Would you give the listing again exactly as written, minus its pictures?

● Stored data
......
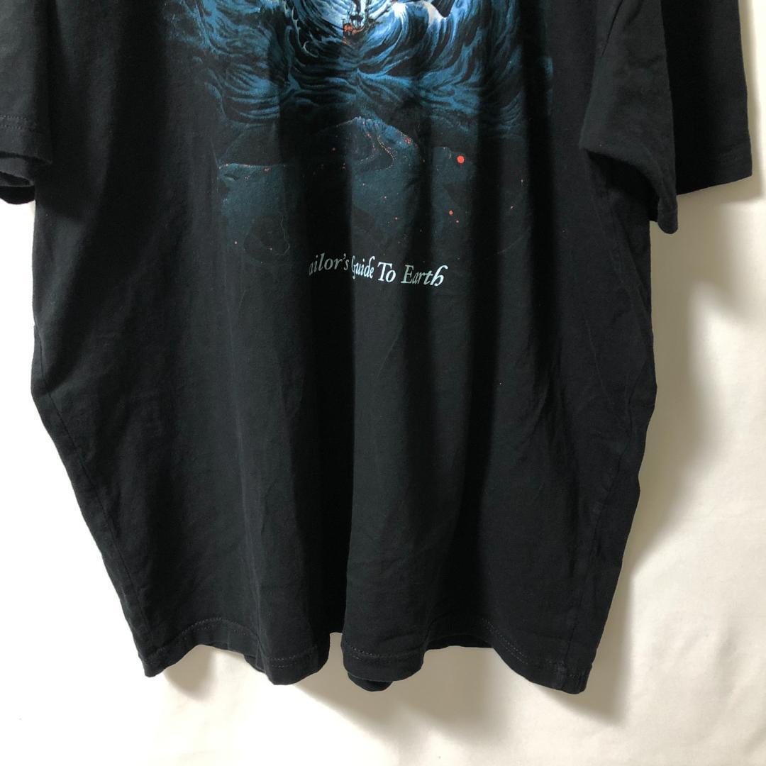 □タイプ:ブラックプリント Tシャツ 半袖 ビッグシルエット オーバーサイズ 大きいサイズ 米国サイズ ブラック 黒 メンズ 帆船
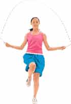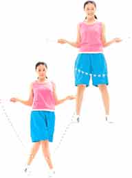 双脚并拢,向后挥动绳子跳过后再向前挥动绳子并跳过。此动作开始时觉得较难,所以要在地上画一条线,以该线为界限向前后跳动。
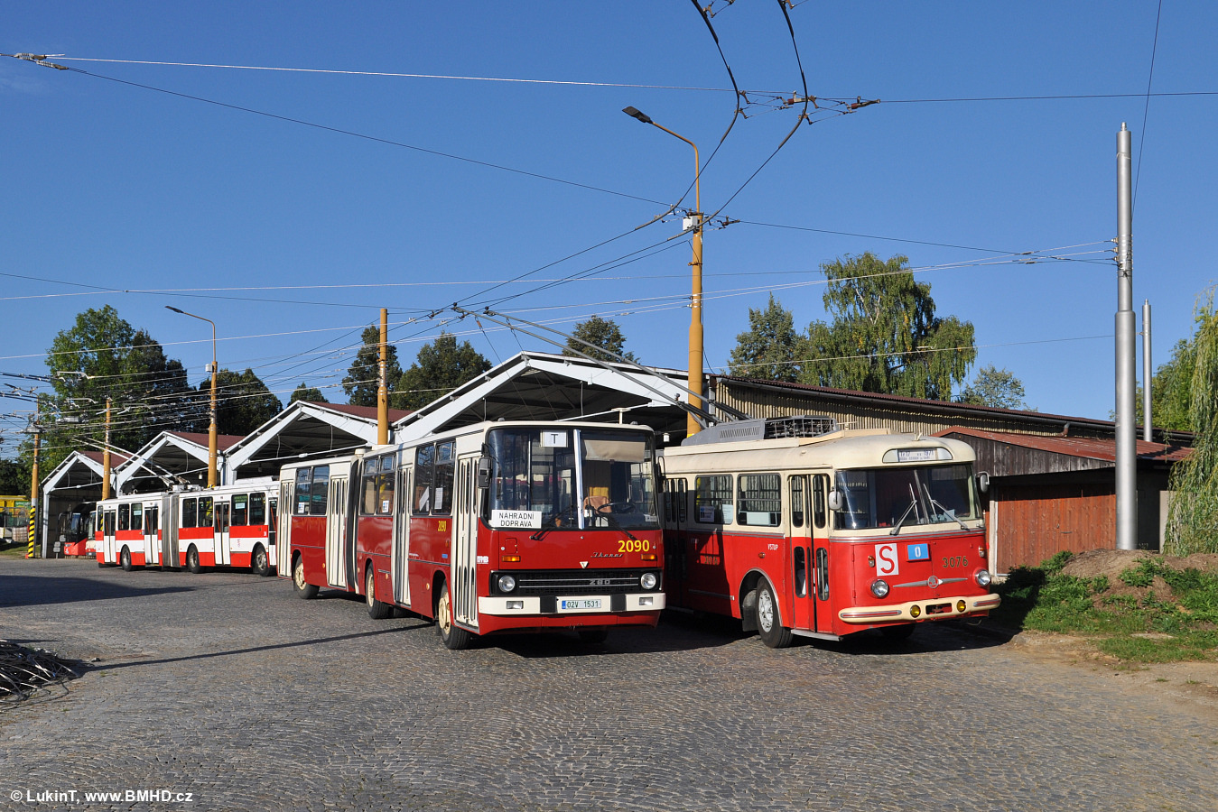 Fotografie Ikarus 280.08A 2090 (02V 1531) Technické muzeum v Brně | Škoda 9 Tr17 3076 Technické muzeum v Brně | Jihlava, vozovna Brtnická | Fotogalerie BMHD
......
● Written reply
 □タイプ:ブラックプリント Tシャツ 半袖 ビッグシルエット オーバーサイズ 大きいサイズ 米国サイズ ブラック 黒 メンズ 帆船
 双脚并拢,向后挥动绳子跳过后再向前挥动绳子并跳过。此动作开始时觉得较难,所以要在地上画一条线,以该线为界限向前后跳动。
 Fotografie Ikarus 280.08A 2090 (02V 1531) Technické muzeum v Brně | Škoda 9 Tr17 3076 Technické muzeum v Brně | Jihlava, vozovna Brtnická | Fotogalerie BMHD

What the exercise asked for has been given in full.